Step 5: Add 3-4 before/after transformations. Take generic sentences and rewrite them in your voice. The model will extrapolate from there.
Step 6: Test it. Prompt the model with your file in context, ask it to write something short, see what's off, and revise the file. You're not going to nail it on the first try, and that's fine. Revise as you go.
A skeleton to start from
## Tone[Describe your voice as contrasts: "X but not Y, A without being B"]## Rhythm[Sentence length, paragraph length, when you use fragments]## Verbal fingerprints[Words, phrases, and moves that are distinctly yours]## Banned words and structures[The stuff you delete on sight. Be specific.]## Before/after examples[3-4 transformations showing generic vs. your voice]This is a starting point. You'll add to it as you notice patterns.

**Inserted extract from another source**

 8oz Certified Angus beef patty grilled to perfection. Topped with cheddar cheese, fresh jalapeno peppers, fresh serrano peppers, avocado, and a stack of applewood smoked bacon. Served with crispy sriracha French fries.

Beyond voice: Other context files worth building
Once you see how this works, you'll find other uses.
Brief files. Campaign context, audience specs, brand guardrails, competitive positioning. Everything a freelancer would need to write for you, except you give it to the model.
Process files. How you want a task done, step by step. I have one for running GEO audits and another for building content briefs. The file encodes decisions so I don't have to remake them every time.
Project files. Ongoing context that accumulates over the life of a project. Working on a six-month campaign? Keep a file with key decisions, approved directions, and stakeholder feedback. The model remembers what you'd otherwise have to re-explain.
Some tools (Claude's "skills" feature, for instance) let you build context files that also execute: they can run code, pull data, and generate outputs in specific formats.
That's a deeper topic for another time, but the principle is the same. You're compressing decisions you've already made so the model can apply them without being told.
Three ways this breaks
If your file is too long, the model starts ignoring parts of it. Keep it under a page or two.
If your rules contradict each other, the model averages them. "Be concise" plus ten paragraphs of instructions sends mixed signals.
If you describe your aspirational voice instead of your actual voice, the model writes like your LinkedIn alter ego. Use real samples, not fantasy.
The point
A voice file is a compression of decisions you've already made about how you sound. The LLM just needs them made explicit.
You're teaching the model to write like you already do, and it takes under an hour to build. Saves every hour after that.